[proofplan]
We first reduce to the invertible case by passing to the natural extension, where the lifted partition and lifted factor have exactly the same conditional information process. In the invertible case, the conditional information chain rule writes the block information as a non-stationary ergodic average of one-step conditional information functions. Martingale convergence identifies the limiting one-step information function, Maker's ergodic theorem turns the non-stationary average into its space integral, and the relative Kolmogorov-Sinai formula identifies that integral with $h_\mu(T,\mathcal P\mid\mathcal G)$.
[/proofplan]
[step:Pass to the natural extension when $T$ is not invertible]

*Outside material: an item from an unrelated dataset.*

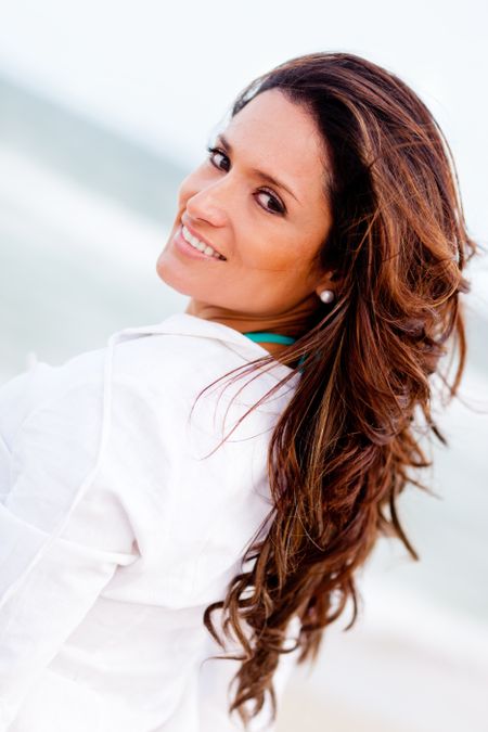 Portrait of a beautiful latin woman at the beach
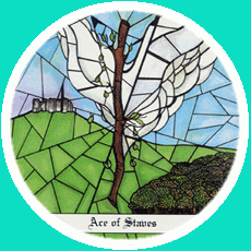 The ace of wands represents the beginning of an idea. The element fire and the number 1 give a powerful combination: enterprise and new beginnings apply to both. This is an energetic combination, which is why the card is generally considered a positive one. Spring is the season associated with this card.

Let $(\widehat X,\widehat{\mathcal B},\widehat\mu,\widehat T)$ denote the natural extension of $(X,\mathcal B,\mu,T)$, and let
\begin{align*}
\pi: \widehat X \to X
\end{align*}
be the factor map satisfying $\pi\circ\widehat T=T\circ\pi$ and $\pi_*\widehat\mu=\mu$. Define the lifted partition $\widehat{\mathcal P}:=\pi^{-1}\mathcal P$ and the lifted factor $\widehat{\mathcal G}:=\pi^{-1}\mathcal G$. Since $\mathcal P$ is finite, $I_\mu(\mathcal P_{[0,n-1]}\mid\mathcal G)\in L^1(X,\mathcal B,\mu)$ for every $n\in\mathbb N$.
For a probability measure $\lambda$, a finite measurable partition $\mathcal R$, and a sub-$\sigma$-algebra $\mathcal H$, write
\begin{align*}
H_\lambda(\mathcal R\mid\mathcal H):=\int I_\lambda(\mathcal R\mid\mathcal H)\,d\lambda
\end{align*}
for the corresponding conditional entropy.

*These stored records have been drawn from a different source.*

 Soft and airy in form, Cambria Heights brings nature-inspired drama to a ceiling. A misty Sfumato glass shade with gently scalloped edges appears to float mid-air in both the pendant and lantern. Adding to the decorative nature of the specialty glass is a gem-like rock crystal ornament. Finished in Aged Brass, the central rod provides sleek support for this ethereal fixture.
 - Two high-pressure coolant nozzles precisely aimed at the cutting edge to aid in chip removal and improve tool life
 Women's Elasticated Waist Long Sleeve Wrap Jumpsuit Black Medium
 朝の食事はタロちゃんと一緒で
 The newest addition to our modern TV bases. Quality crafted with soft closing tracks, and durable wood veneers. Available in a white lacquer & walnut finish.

We use the natural-extension reduction in the following precise form. For every finite partition $\mathcal R$ of $X$ and every sub-$\sigma$-algebra $\mathcal H\subseteq\mathcal B$,
\begin{align*}
I_{\widehat\mu}(\pi^{-1}\mathcal R\mid\pi^{-1}\mathcal H)=I_\mu(\mathcal R\mid\mathcal H)\circ\pi
\end{align*}
$\widehat\mu$-almost everywhere, and consequently
\begin{align*}
H_{\widehat\mu}(\pi^{-1}\mathcal R\mid\pi^{-1}\mathcal H)=H_\mu(\mathcal R\mid\mathcal H).
\end{align*}
The first identity follows from the defining property of [conditional expectation](/page/Conditional%20Expectation) under a measure-preserving factor map:
\begin{align*}
\mathbb E_{\widehat\mu}[\mathbb 1_{\pi^{-1}R}\mid\pi^{-1}\mathcal H]=\mathbb E_\mu[\mathbb 1_R\mid\mathcal H]\circ\pi
\end{align*}
for each atom $R$ of $\mathcal R$, and the entropy identity follows by integrating the conditional information identity. Applying this reduction to $\mathcal R=\mathcal P_{[0,n-1]}$ and $\mathcal H=\mathcal G$, we have
\begin{align*}
I_{\widehat\mu}(\widehat{\mathcal P}_{[0,n-1]}\mid\widehat{\mathcal G})=I_\mu(\mathcal P_{[0,n-1]}\mid\mathcal G)\circ\pi
\end{align*}
for every $n\in\mathbb N$. The same reduction gives
\begin{align*}
h_{\widehat\mu}(\widehat T,\widehat{\mathcal P}\mid\widehat{\mathcal G})=h_\mu(T,\mathcal P\mid\mathcal G).
\end{align*}
Almost-everywhere convergence and $L^1$ convergence are preserved under pullback by the measure-preserving map $\pi$. It is therefore enough to prove the theorem under the additional assumption that $T$ is invertible modulo $\mu$-null sets.
[/step]
[step:Decompose the block information into one-step conditional information terms]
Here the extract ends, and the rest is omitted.